Predicting the onset of menopause is still an inexact science

WEDNESDAY, Feb. 16, 2005 (HealthDayNews) -- More women are waiting longer to have children as they pursue college degrees and careers or simply enjoy young adulthood without kids in tow.

That trend could have sharp repercussions for women and couples eventually hoping to start a family. Those who wait too long could have trouble getting pregnant. Wouldn't it be nice for a woman to know in advance how many fertile years she has left?

Researchers in the United Kingdom say they've found a revolutionary way to read the tea leaves. By measuring a woman's ovarian volume using ultrasound and plugging that information into a computer model, it should be possible to predict when a woman will enter menopause and how much time is left on her biological clock, they said.

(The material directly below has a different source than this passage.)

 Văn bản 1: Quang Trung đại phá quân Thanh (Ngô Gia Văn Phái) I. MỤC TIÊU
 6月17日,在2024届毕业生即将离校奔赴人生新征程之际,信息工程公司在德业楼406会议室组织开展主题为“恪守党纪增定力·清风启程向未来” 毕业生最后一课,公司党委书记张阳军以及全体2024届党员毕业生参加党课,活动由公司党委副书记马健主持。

At least that's the theory.

"We are now looking for funding for a clinical study to prove our hypothesis that there is a very strong relationship between ovarian volume and ovarian reserve/age at menopause," said Dr. W. Hamish Wallace, a consultant pediatric oncologist at the Royal Hospital for Sick Children in Edinburgh, Scotland.

He and colleague Thomas W. Kelsey, a senior research fellow at the University of St. Andrews in Scotland, first unveiled their methodology last June in the journal Human Reproduction.

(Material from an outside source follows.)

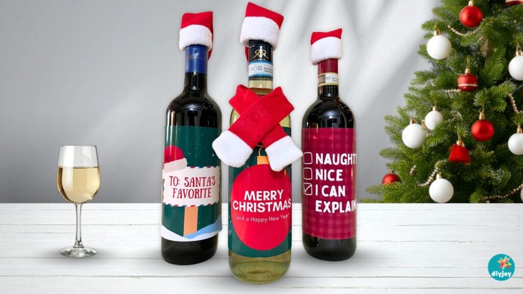 I think I’ve found the perfect presents for this holiday season! This Santa wine project is the best DIY gift for wine lovers. It’s way better than a regular bottle since the labels are customized and the bottles are all dressed up with hats and scarves, making them look so festive. If you’re still looking for gifts for friends, coworkers, or family, this custom wine idea is exactly what you need!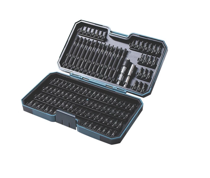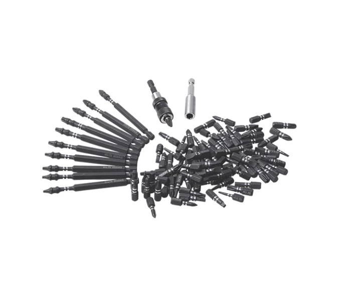 98 x 25mm screwdriver bits (16 x Phillips (4 x PH0, PH1, PH2 and PH3), (18 x slotted (3 x SL3, SL4, SL5, SL5.5, SL6 and SL6.5), (12 x PZ (3 x PZ0, PZ1, PZ2 and PZ3), (12 x Hex (3 x H3, H4, H5 and H6), (12 x Square (3 x SQ0, SQ1, SQ2 and SQ3), (21 x TX (3 x T10, T15, T20, T25, T27, T30 and T40), (7 x TS (1 x TS10, TS15, TS20, TS25, TS27, TS30 and TS40)), 13 x 90mm screwdriver bits (3 x Phillips (PH2)), (3 x PZ ( PZ2)), (7 x TX (2 x T10 and T15)), (1 x T20, T25 and T30), 1 x bit holder and 1 x quick change chuck.

The occasional headline-grabbing tale of a 50-something woman becoming a new mother does not erase the fact that age remains a critical factor in determining female fertility. As a woman grows older, her ovaries produce fewer eggs. Fertility problems affect about a third of couples in which the woman is over 35, according to the National Women's Health Information Center.

A woman who delays pregnancy into her late 30s or 40s could miss the boat entirely if menopause precedes motherhood. When her monthly periods stop for good, she can no longer produce eggs or become pregnant.

Women who've had their ovaries surgically removed may experience menopause at any age. For most women, menopause occurs naturally around age 51, when the ovaries stop producing estrogen, according to the American Menopause Foundation.

But determining the precise onset of menopause is tricky. "Some women enter menopause prematurely at very young ages -- even less than 30," said Dr. Robert Schenken, president of the American Society for Reproductive Medicine and chairman of obstetrics and gynecology at the University of Texas Health Science Center at San Antonio.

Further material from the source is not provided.